O momento é oportuno à discussão franca e pública. O Projeto de Lei Complementar 123, hoje em tramitação no Senado, trata do teto de gastos. Infelizmente, porém, o texto original mantém os investimentos restritos, insistindo na míope visão atual. Precisamos mudar essa abordagem, independentemente de questões partidárias ou políticas. Existe um consenso entre economistas e secretários de Fazenda que é preciso promover desenvolvimento na veia, sem, é claro, abdicar-se da responsabilidade com as finanças públicas. O meio acadêmico e o próprio mercado também conversam cada vez mais sobre a aparente contradição entre responsabilidade fiscal e espaço orçamentário para investir. A grande tarefa que resta então é sensibilizar o Tesouro Nacional, que aplica nos entes subnacionais a mesma cartilha de asfixia criada pelo FMI e imputada mecanicamente à complexidade de nossa economia nas décadas de 80/90. Nada mais equivocado, comprovam os resultados.

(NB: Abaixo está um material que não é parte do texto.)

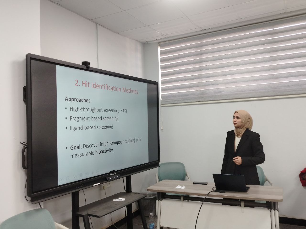 تضمنت الورشة عدة محاور منها التعريف بمفهوم التصميم العقلاني للدواء (Rational Drug Design)، وإجراء مقارنة بين النهج التقليدي والنهج العقلاني في إكتشاف الأدوية، وإستعراض المراحل الأساسية لإكتشاف وتطوير الدواء. كما تناولت الورشة دراسة العلاقة بين التركيب الكيميائي والفعالية الحيوية (SAR) ودورها في توجيه عملية تحسين الخصائص الدوائية للمركبات الفعالة.

A insistência em limitar a capacidade dos investimentos como política de gestão fiscal contribui diretamente com a estagnação de setores econômicos, que poderiam ter seu crescimento potencializado por meio de políticas públicas indutoras de geração de riqueza. Tergiversar nesse ponto é acovardar-se na arena pública. O caminho para o equilíbrio fiscal somente pela redução da despesa não pode ser visto como um dogma, quase um fundamento religioso. O Rio de Janeiro, inclusive, já adotou essa receita ao cortar os seus gastos em 11,3%, retornando ao patamar de 13 anos atrás, a maior redução orçamentária entre os estados no período. Esse esforço, no entanto, mostrou-se insuficiente para resolver a crise financeira fiscal.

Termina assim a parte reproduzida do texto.